Quain, Sir Richard (1816–98), physician and medical writer, was born 30 October 1816 at 75 Lower Main St., Mallow, Co. Cork, eldest son of John Quain of Carrigoon and his wife Mary, daughter of Michael Burke of Mallow. His grandfather was Daniel Quain of Carrigoon; his cousins were Jones Quain (qv) and Richard Quain (qv), both of whom had distinguished medical careers. Educated at Cloyne diocesan school under the Rev. Julius Armstrong, he was then apprenticed to Dr Fraser, a surgeon in Limerick. In January 1837 he entered the medical school of University College, London, where both of his cousins were then teaching. Awarded a scholarship, he graduated MB (1840) and won a gold medal in physiology. He worked in University College Hospital as a house surgeon and then as house physician, graduating MD (1842) with a certificate of special proficiency and another prize medal. Elected a fellow of University College Hospital (1843), he became a member of the Royal College of Physicians of London (RCP) in 1846.

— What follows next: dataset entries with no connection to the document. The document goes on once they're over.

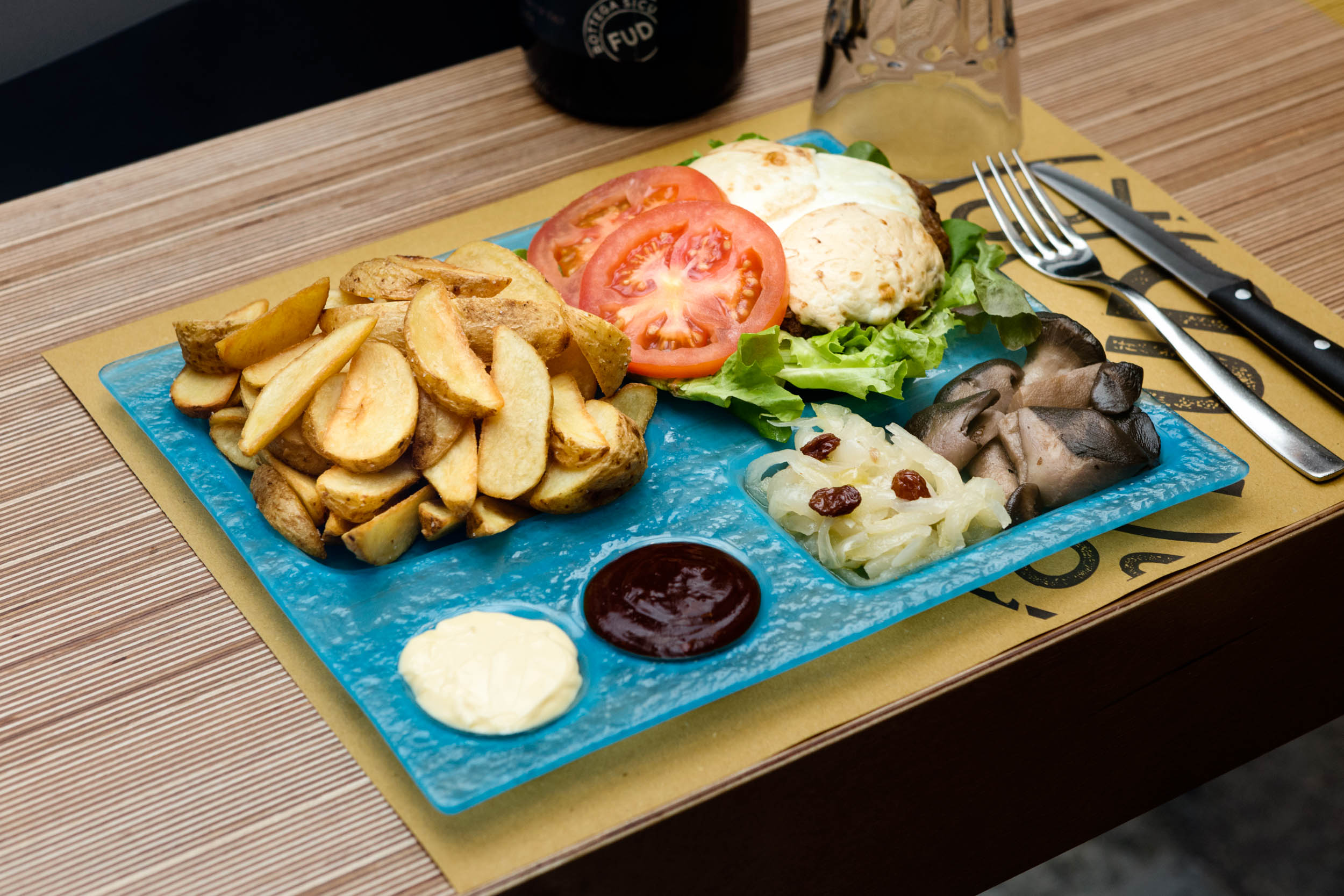 Il prezioso laboratorio del vetro di Thalass, a Modica, è divenuto ormai una vera e propria bottega artigianale del food design e un punto di riferimento per il panorama gastronomico nazionale. E in questo caso la progettazione per il nuovo locale di Andrea Graziano ha portato alla nascita di una vera e propria linea esclusiva, pensata per con un duplice scopo: da un lato quello funzionale, che attraverso una serie di ‘cassetti’ ritagliati nel vetro si presta anche alla presentazione ‘scomposta’ dei famosi panini siciliani, dall’altro quello puramente estetico, per dare valore ai singoli ingredienti e alla loro composizione e invitare chi si siede a tavola a comprenderne l’origine e a giocare con le possibili combinazioni.
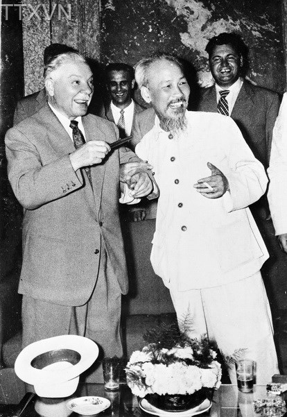 Chủ tịch Hồ Chí Minh tiếp đoàn đại biểu phong trào hòa bình Pháp sang thăm Việt Nam, ngày 15/3/1955. (Nguồn: Tài liệu lưu trữ Bộ Ngọai giao)
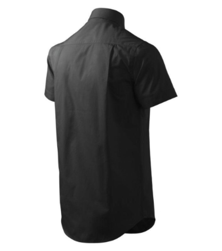 Tkanina.65 % polyester, 35 % bavlněný popelín.105 gsm.Vlastnosti.Vyztužený límec formálního střihu.Levá náprsní otevřená kapsa.Krátké rukávy.Barevné knoflíky na barevných tričkách.Střih na míru.Snadná péče.
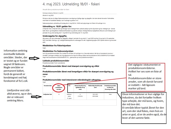 På fødevarestyrelsens hjemmeside ses de områder, der er åbne for muslingefiskeri, og som dermed er testet for giftige alger eller bakterier. Der er typisk tre udmeldinger: høst, fiskeri og vandindtag, og der kommer en ny udmelding fredag eftermiddag.
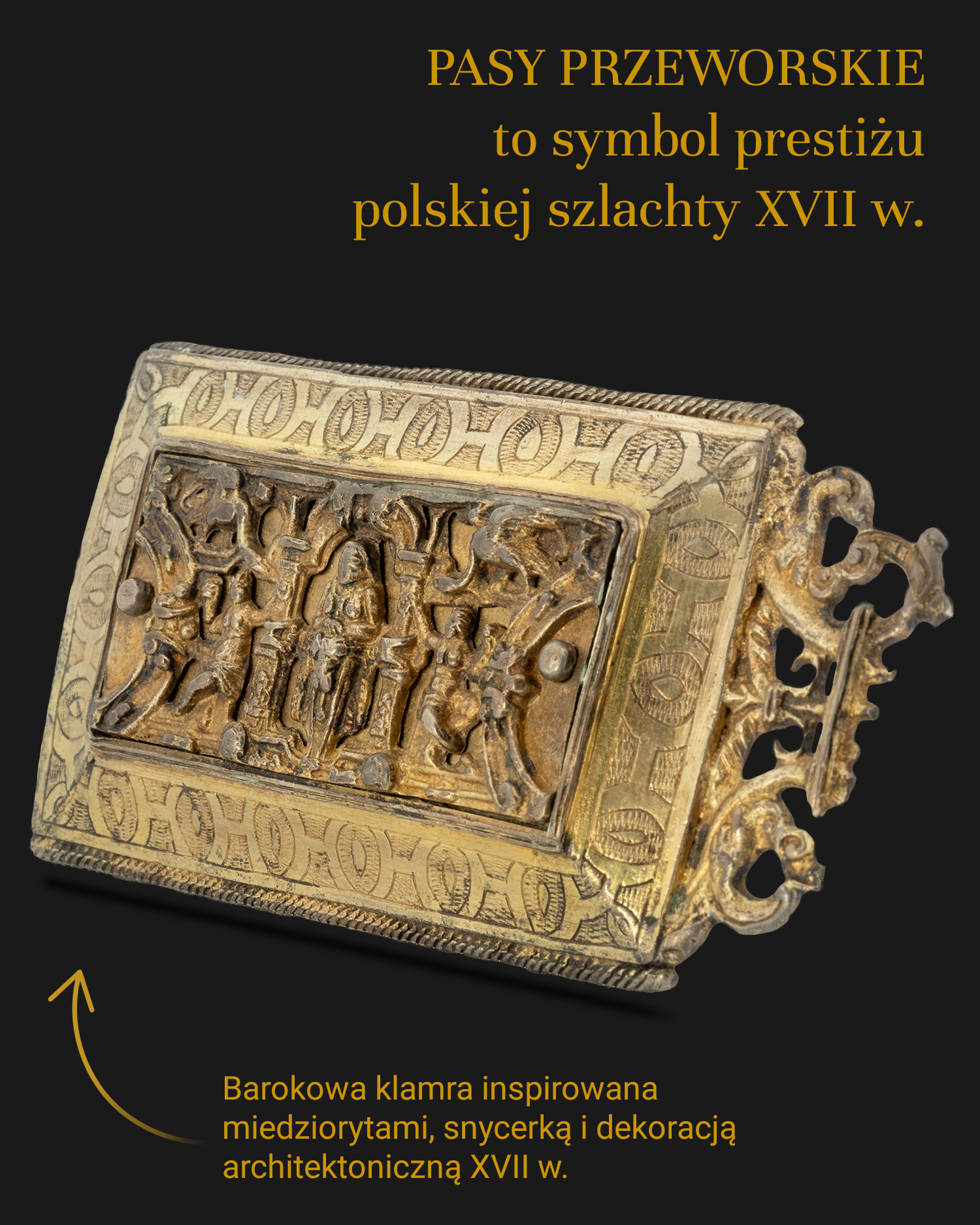 Klamry do pasów przeworskich pojawiają się na rynku niezwykle rzadko, a każdy egzemplarz ma charakter unikatowy, ponieważ był wykonywany ręcznie przez złotnika i różni się detalami formy oraz ornamentu. Dla kolekcjonerów i muzeów są to obiekty szczególnie cenione jako sztandarowe przykłady polskiego sarmatyzmu – łączące barokową dekoracyjność, indywidualny styl i element dawnego stroju reprezentacyjnego. Zachowana klamra stanowi więc nie tylko rzadkość rynkową, lecz także ważny świadek kultury materialnej Rzeczypospolitej szlacheckiej.
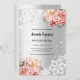 För en elegant 60:e (eller någon ålder) födelsedagsfest. En faux silver tittar bakgrund som dekoreras med blommigtarna rosa och ro guld, rosor, diamanter och vita snöre. Anpassa och lägg till namn och information.
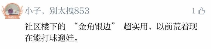 也有网友说,“社区楼下的‘金角银边’超实用,以前荒着现在能打球遛娃。”
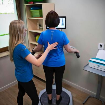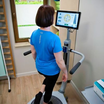 Platforma balansowa, nowoczesne urządzenie do oceny parametrów równowagi, poprawy funkcji chodu, poprawy czucia mięśniowego i stabilności. Bardzo przydatne dla pacjentów po operacjach kończyn dolnych, bioder, po urazach, u pacjentów po udarach, z zaburzeniami równowagi i kontroli ciała w przestrzeni
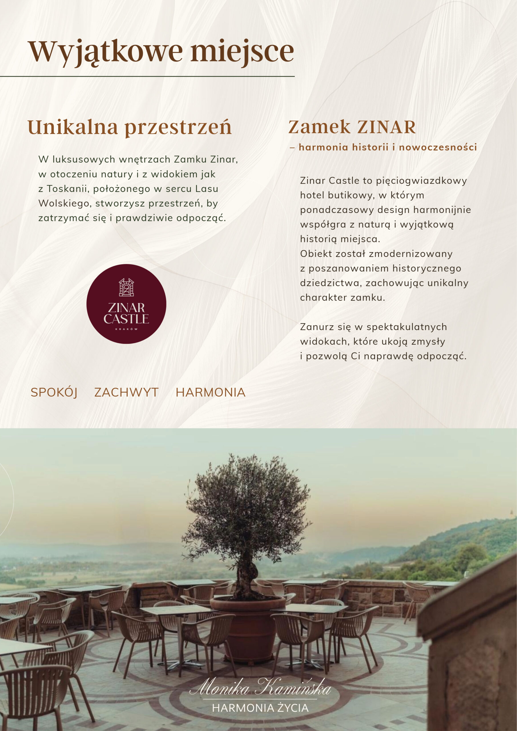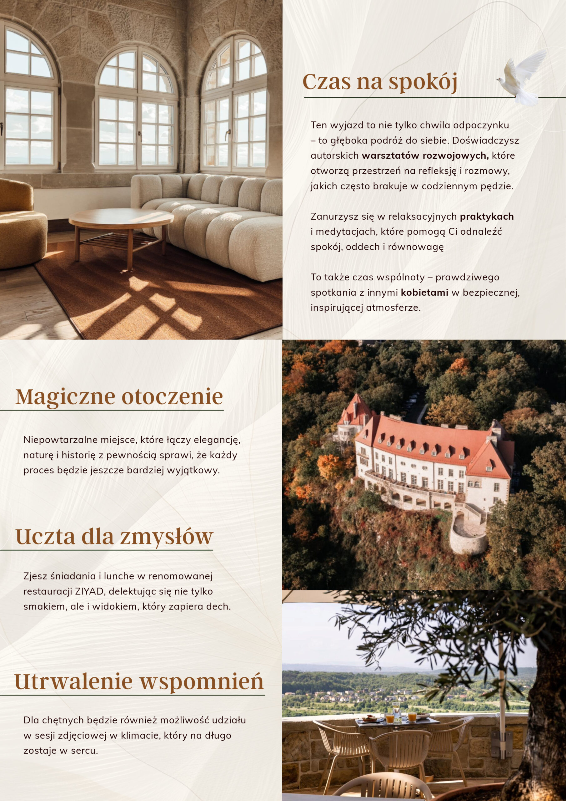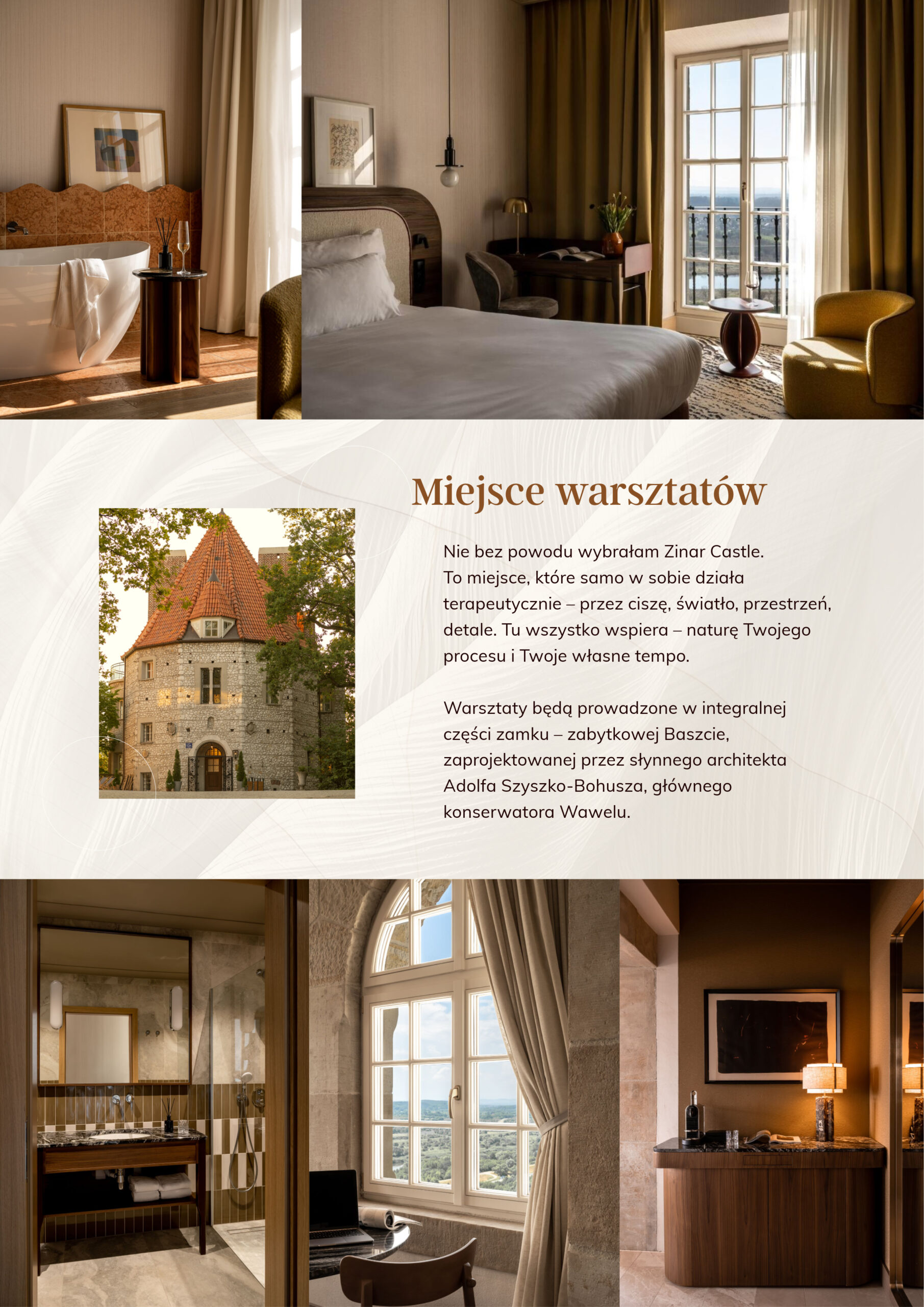 Nieprzypadkowo wybrałam Zinar Castle. To miejsce ma w sobie coś terapeutycznego – ciszę, światło, detale, które wspierają naturalne tempo Twojej przemiany.
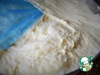 Добавляя оставшуюся муку, замесить лёгкое эластичное тесто. ОБРАТИТЕ ВНИМАНИЕ : от размера яйца зависит количество муки. |
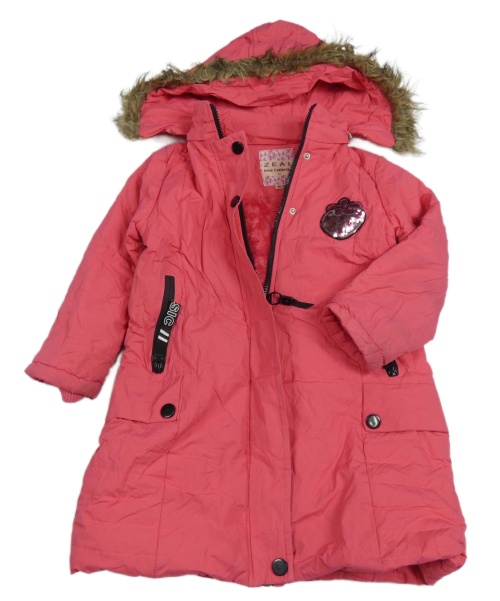 • Jahodový prešívaný šušťákový zimný kabát s jahůdkou z flitrů a odopínacíá kapucňou s kožešinou

In 1848 he became assistant physician at the Chest Hospital, Brompton, and was elected a fellow of the RCP in 1851. He became full physician at Brompton (1855), and was appointed by the crown as a member of the senate of the university of London in May 1860. In November 1863 he was crown nominee on the general medical council, and in 1865 served on a royal commission investigating cattle plague. He was a prominent member of the pharmacopoeia committee, serving as treasurer and later secretary, and oversaw the publication of the second edition of the British Pharmacopoeia in 1867. He was also involved in later publications of the committee. Maintaining a high profile in the RCP, he served as a member of council in 1867, 1868, 1877, and 1882. He delivered the Lumleian lectures in 1872 and the Harveian lecture in 1885, and was elected vice-president of the RCP in 1889.
Like his two cousins he published medical writings, contributing a number of articles to Transactions of the Medico-Chirurgical Society. He edited A dictionary of medicine: including general pathology, general therapeutics, hygiene and the diseases peculiar to women and children (1882). By 1887 this had run to twelve editions and remained a key reference work for decades. In 1885 he published The healing art in its historic and prophetic aspects, which had been the subject of his Harveian lecture of the same year. He made the study of heart disease his speciality and was one of the first to use the microscope in his researches. In an 1850 paper, ‘Fatty degeneration of the heart’, he recognised that degenerative softening of the myocardium was often preceded by an obstruction of the coronary artery and the symptoms of angina. Quain's work was referred to by William Stokes (qv) in his Diseases of the heart and aorta (1854). He maintained a thriving and fashionable private practice at 67 Harley St. Among his patients were Thomas Carlyle and his wife, Jane, Sir Edwin Landseer, and Benjamin Disraeli.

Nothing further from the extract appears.